Taken together, the results of this study, the US measurement of TLFD presented here, are a promising tool for clinical purposes, firstly for identifying patients with acute LBP and secondly for monitoring treatment progress in the context of an intervention. In addition, it could be helpful to identify TLFD restrictions as a possible risk factor for the development of chronic LBP, as only one third of these patients recover within three months4. Swelling and thickening of the TLF, e.g. due to micro-injuries or hypoxia, could lead to densification, inflammation, and a more adhesive behavior of the gliding surfaces between the fascial layers20,49,50. This is probably an additional parameter in the complex multifactorial cascade of LBP development and most likely already present in the early stages15. Brandl et al.14,51 demonstrated that artificially induced aLBP is associated with swelling and typical pain patterns that can be localized in the fascial tissue. Monitoring this process is therefore a promising method in the treatment of LBP. This should be seen in the absence of alternative imaging techniques such as computed tomography or magnetic resonance imaging, whose suitability for the dynamic assessment of pathologically altered anisotropic tissue material may be limited43. Here, even the relatively high MDC, which was determined on the basis of interrater reliability, exceeds the accuracy of most other conventional diagnostic procedures44–46.
Study Limitations
The study has some limitations. Firstly, the study groups were not statistically matched, which led to a higher internal validity. However, the Student's t-test of baseline characteristics showed no significant differences between the samples. The use of an independent second group could therefore have the advantage of higher external validity in real clinical settings52. Secondly, the position of the transducer was not marked for subsequent intra- and interrater measurements and the exact degree of trunk flexion was not measured goniometrically. Furthermore, it is possible that aLBP patients use different movement and muscle recruitment strategies to reach starting and ending positions.

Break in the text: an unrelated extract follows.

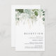 Nous avons conçu cette carte de réception de mariage vert et feuille d'or pour compléter votre mariage boho simple mais élégant. Il présente des feuilles modernes d'eucalyptus vert et blanc, du feuillage de fougères, une fleur succulente et un minimum de feuilles de feuille d'or. Ces éléments donnent l'impression d'une forêt enchantée d'aquarelle capricieuse, parfaite pour tout mariage bohème et rustique ! N'hésitez pas à vous customiser et à vous en servir, n'hésitez pas à consulter le reste de la collection pour trouver les produits correspondants et coordonnés !

An analysis of surface electromyographic data of the erector spinae muscle at L1 from a previous study showed muscle activity during US measurement in 2 of 20 participants that did not influence group differences in TLFD22. Third, the raters had varying levels of experience with US examination, particularly testing the TLF, and were only familiarized with the method for half an hour at the beginning of the study. Therefore, this reliability study may be of limited use for experimental purposes. The design aimed to mimic and provide data for an easy-to-perform examination in daily clinical practice. There is a high probability that the ICC's and MDC's determined in this trial would be significantly improved by taking the aforementioned points into account, but this was not the focus of this study and is a task for future work.
The US method for assessing TLFD in this study has excellent intrarater and good interrater reliability. It was shown to be able to discriminate aLBP patients from healthy individuals superior to most other assessment methods. The intrarater MDC was below the cut-off point for discrimination. Therefore, this method could be useful in monitoring treatment progress after an intervention. It is promising to explore whether TLFD restrictions could be a potential risk factor for the development of chronic LBP and thus complement diagnostics in the complex multifactorial cascade etiology of this disease.